While there is a lack of data with regards to racial diversity and outcomes achieved, it is possible to get a window into companies’ performance and seriousness via other indicators, says Sonia Kowal, president at Zevin Asset Management, a Boston-based boutique investment management firm specialised in socially responsible investing.

“If the company is a large employer, does it have a well-developed policy and set of systems for recruiting and considering diverse candidates? Does the company study and have an awareness of the impacts that its products and services have on black communities? As investors, we try to assess how these qualities translate into unaddressed risk or potential opportunity,” says Ms Kowal.

Network problem

Given the deep racial problems in the US criminal justice system, screening out unacceptable companies, such as those with a history of exploiting communities of colour, or firms with substantial involvement in incarceration and detention, is just one part of socially responsible investing.

It is essential to address racial injustice through shareholder advocacy, pressing companies to make changes that improve risk management and create a positive social impact. This means supporting proposals that ask firms to improve workforce diversity, while voting against a board slate sends a strong message to firms, and it can also propel a dialogue about diversity and inclusion.

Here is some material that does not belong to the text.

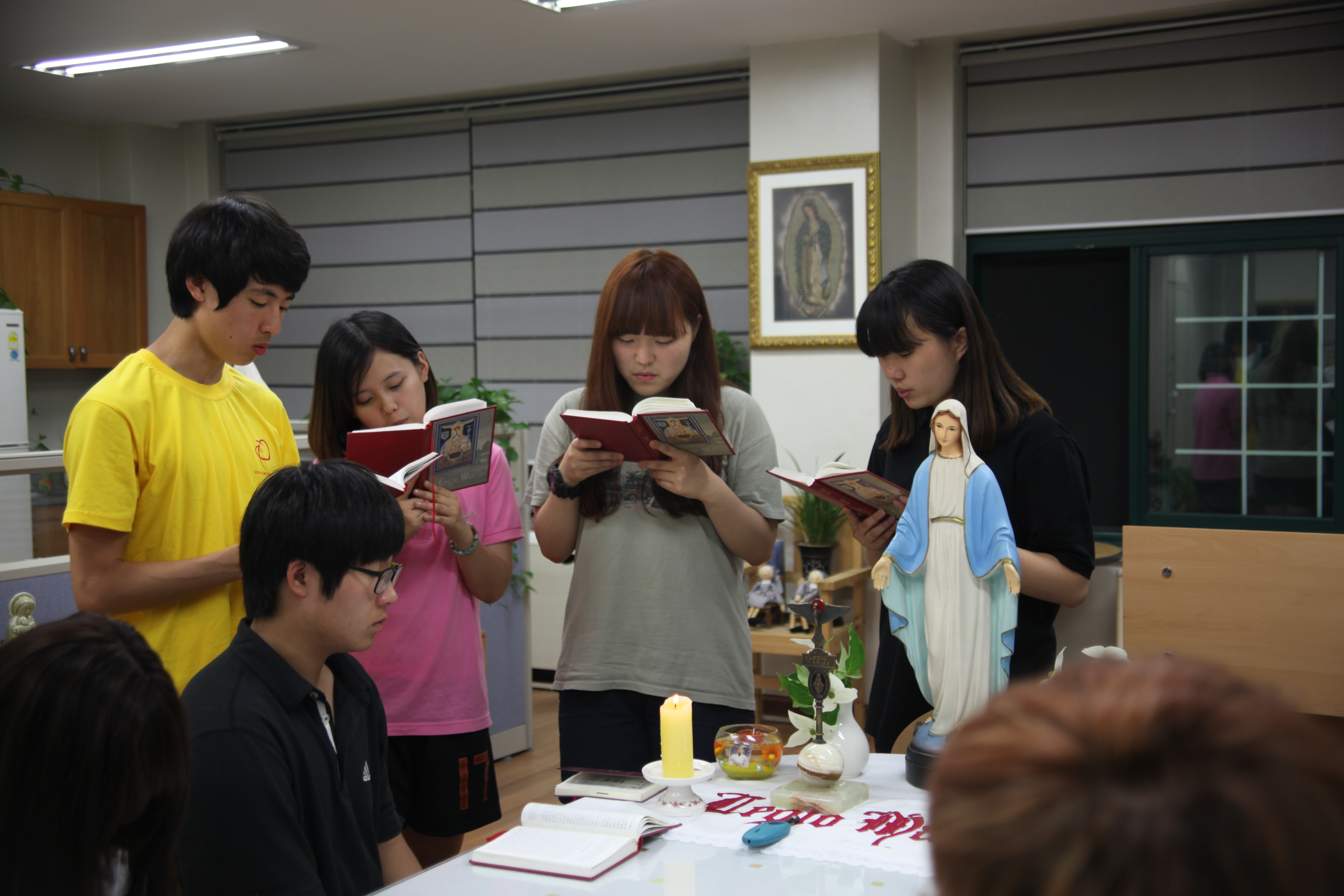 학생들은 아직 성모님에 대한 신심이 없지만 매주 월요일 저녁 8시면 함께 모여서 정해진 교본에 따라 레지오 주 회합을 하는데 3학년 미진이는 바쁜가운데 열심히 참석을 해서 좋은 모범을 보여주고, 1학년 서진이와 재광이도 미진이와 함께 거의 매일 미사를 참례하고 있지요.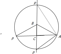 解:如图:当以B为圆心,AB长为半径作圆,交直线BC于两点,即为P,交直线AC于一点,此题符合条件的P点有三个;

Diversity is positively associated with more customers, increased sales revenue and greater relative profits, according to a 2013 Catalyst report. This message is critical in the tech sector. A study commissioned by Intel estimated that the tech sector could generate $300bn to $370bn in additional annual revenue if the racial/ethnic diversity of tech companies’ workforces reflected that of the talent pool.

Rather than a pipeline problem, it is more a lack of diversity within firms’ own networks that is holding back recruitment. Big tech companies, such as Apple, Amazon and Google, have been doing “a terrible job” at improving their networks, and empowering, retaining and promoting people of colour. This becomes a “huge business risk” for them, because they have never represented their customer base – a situation which gets worse over time, says Ms Cowal, whose firm has done substantial impact investing in the sector.

Although white Americans currently make up approximately 60 per cent of the US population, according to the US Census Bureau, projections from the Brookings Institution show that, by 2045, white people will no longer make up the majority.

“The only thing we have found that improves diversity is when executives are incentivised around hiring, retention and promotion. I think that’s really important and we are starting to get some fashion there,” adds Ms Cowal, explaining that Zevin has filed shareholders proposals at Apple, Alphabet and Amazon over the years to meet their business need of finding new talent, and put measures in place to tie executive compensation to goals around diversity.

But it is not just asset managers that must take responsibility for racial justice – individual investors should also be made accountable. “Race-neutral does not exist,” says Ms Kowal. “Either as an investor you are being an active racist or you are not.”